3. The pressure regulator according to claim 1, wherein rotation of the compression collar in one direction applies axial force towards the component comprising the seal and rotation of the compression collar in the other direction applies axial force away from the component comprising the seal.
4. A method for making a pressure-regulated connection with a component comprising a seal, wherein the method comprises the steps of coupling a compression collar with the sealed component; anchoring a fastener to a tube near the compression collar; coupling the fastener with the compression collar; and rotating the compression collar to apply an axial force to the tube.
5. The method according to claim 4, wherein the anchoring of the fastener to the tube comprises the step of deforming a fastening splint.

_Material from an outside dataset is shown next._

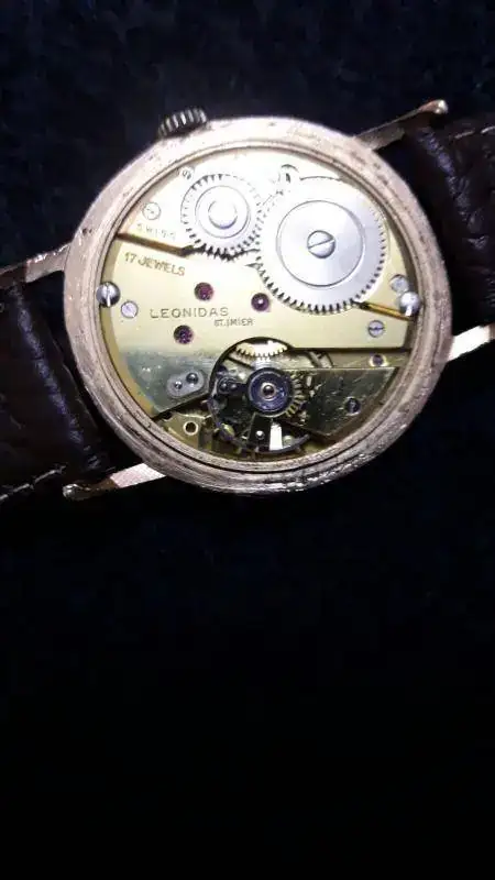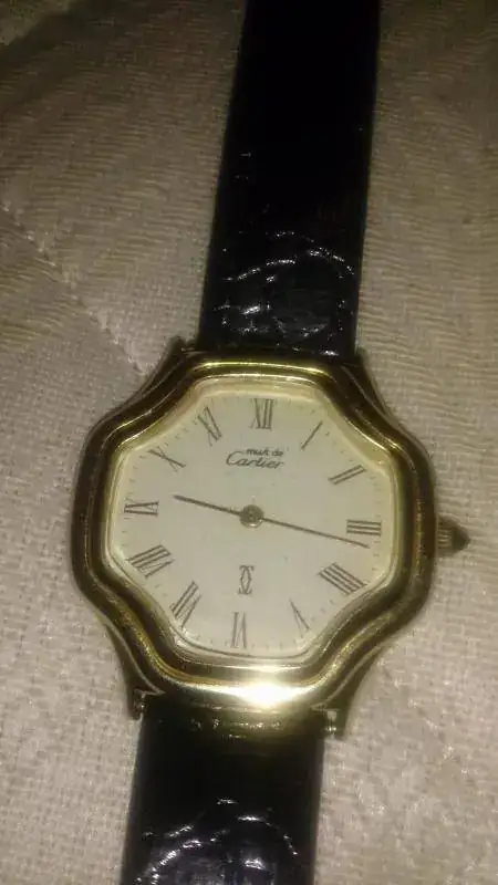 Ahora bien, lo que necesito es saber que valor podría tener dicho reloj, ya que no encuentro nada al respecto en la red y si el cambio me sale rentable o no. A continuación dejo unas fotos de mi Must de Cartier de señora y de su Leonidas, ambos de cuerda:

6. A method for making a pressure-regulated connection with a component comprising a seal, wherein the method comprises the steps of sliding a compression collar onto a tube; engaging the component comprising the seal with the compression collar; sliding a fastener onto the tube; engaging the fastener with the compression collar; clamping the tube; and rotating the compression collar to apply an axial force to the tube.
7. The method according to claim 6, wherein the clamping of the tube comprises: sliding a splint through the tube into the clamp; and compressing the splint.
8. The method according to claim 7, wherein compression of the splint deforms the splint and anchors it to the tube.